A: A ‘soft’ mask will be placed over child’s nose. Breathing of the ‘happy air’ – a mixture of two gases: nitrous oxide and oxygen – is causing the relaxing effect and child will feel more comfortable with dental treatment. The most common reactions include a tingling feeling – ‘tins and pins’ in the arms and fingers, a feeling of well-being, a floating sensations.
Q: Who can assist me and my child
The dentist and dental nurse will help put your child at ease by talking softly and calmly throughout the treatment. When the dental treatment is finished, the dentist will turn off the ‘happy air’.
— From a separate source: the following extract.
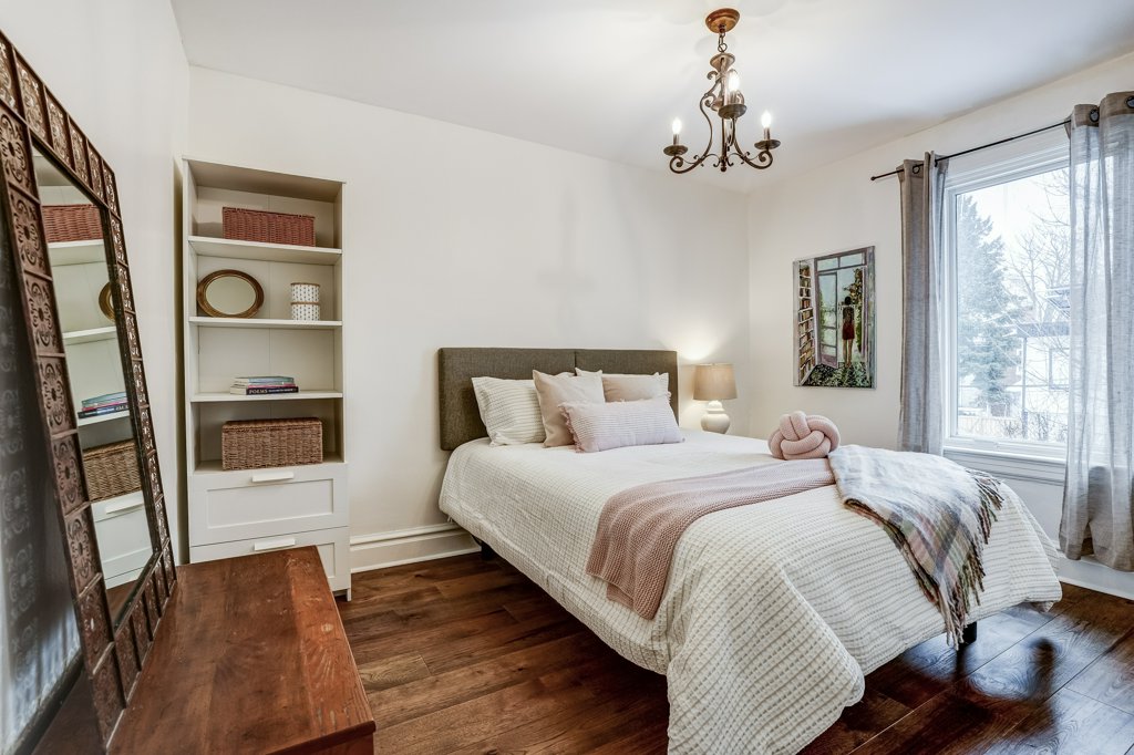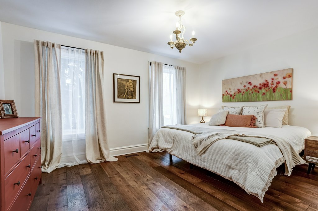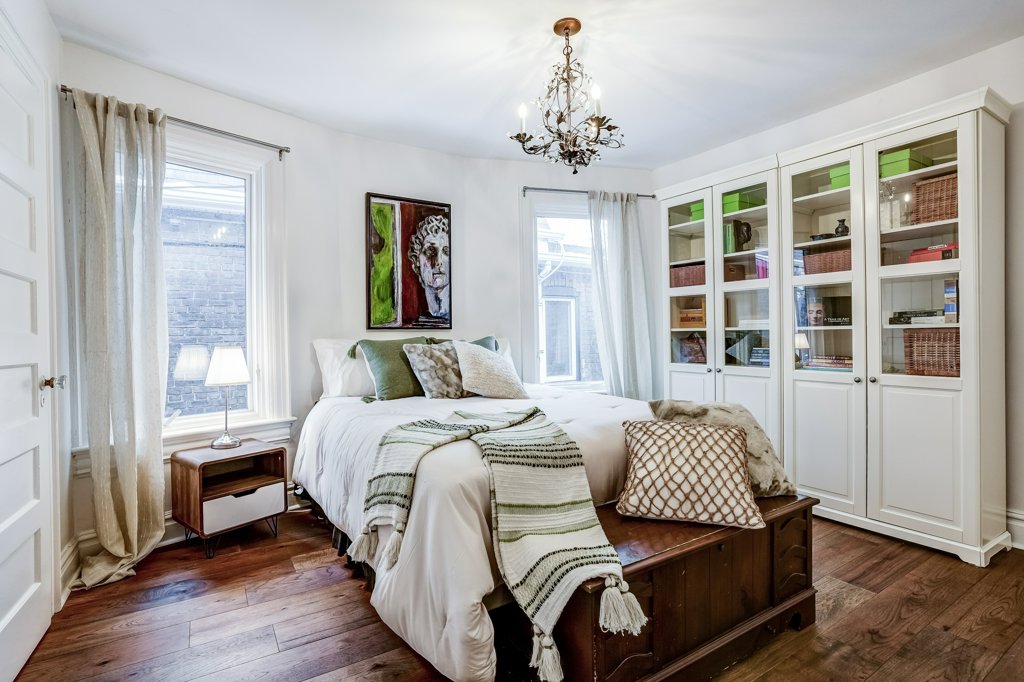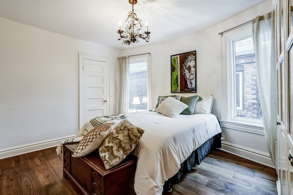 The upstairs in this home doesn’t fail to impress either and features not one but 3 large bedrooms with hardwood flooring throughout, a renovated bathroom, soaring ceilings and a view of the CN Tower!

Q: If my child is having a cold, can dentist use inhalation sedation?
A: No, if child is unable to breathe through their nose due to heavy cold, the gas sedation will not work. Parent should call the clinic to rearrange the appointment.
Q: Who can help me, if I am having some concern regarding some details of HIS ?
Parent should contact the HIS provider in case of any other queries relating to child’s health.
Q: What is the alternative sedation method if my child does not respond to IHS ?
A: Depending on the individual susceptibility, the inhalation sedation may not be sufficient for anxiety control. Therefore, more efficient and deeper form of sedation may be necessary, including a general anaesthesia. Parent can discuss all options with dentist during child’s initial appointment and ask any questions.
Q: Do I need to sign a consent for IHS?
A:.Yes, parent is asked to sign a ‘consent form’ which is the evidence of parent’ agreement to the treatment. This can be done on the separate, pre-assessment visit. During consenting procedure parent has also the opportunity to ask any questions and to make sure he/she understand what the procedure involves.